Japanese writer (1935–2023)

 Taeko Tomioka (富岡 多恵子, Tomioka Taeko; July 28, 1935 – April 6, 2023) was a Japanese writer.

She was born in Osaka, was educated at Osaka Women's College, worked as a high school English teacher and moved to Tokyo in 1960. Tomioka visited New York City in 1964 and returned home to Japan in 1966. In 1969, she married Suga Kishio.

Tomioka published several collections of poems. Henrei (1958) won the Mr. H Prize (H-shi Shō), awarded by the Association of Contemporary Japanese Poets. Monogatari no akuru hi (1961) received the 'Muro Saisei Prize. Tomioka also wrote a poetical drama Matsuri (1959) and a screenplay Shinju ten no Amijima (Double suicide, 1968).

In 1971, she published the novel Oka ni mukatte hito wa narabu (Facing the Hills they stand). In 1974, Tomioka wrote Shokubutsu sai, which received the Tamura Toshiko Prize. In 1974, she published Meido no kazoku (Family in hell), which received the Women's Literature Prize.
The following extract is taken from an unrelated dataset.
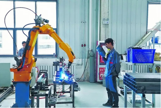 新疆苏匠车业有限公司车间内,员工正在查看全自动焊接机械手焊接车架的情况。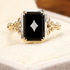 This elegant stimulated black onyx ring features a rhinestone in the center. Set in a luxurious gold band. Perfect for adding a touch of sophistication to any outfit.

Her 1983 novel Namiutsu tochi was published in English as Building Waves (2012: ISBN 9781564787156 ).

Tomioka also translated some English works by authors such as Gertrude Stein into Japanese. She has also produced essays on literature from a feminist viewpoint.

In 1993, she published Nobuyoshi Araki: Akt-Tokyo, 1971-1991, a book of erotic photography. In 1997, Tomioka wrote Hiberunia kikō (A journey to Ireland), which received the Noma Literary Prize.

In 2000, The Funeral of a Giraffe: Seven Stories, a collection of her stories translated from Japanese to English, was published.

Tomioka died on April 6, 2023, at the age of 87.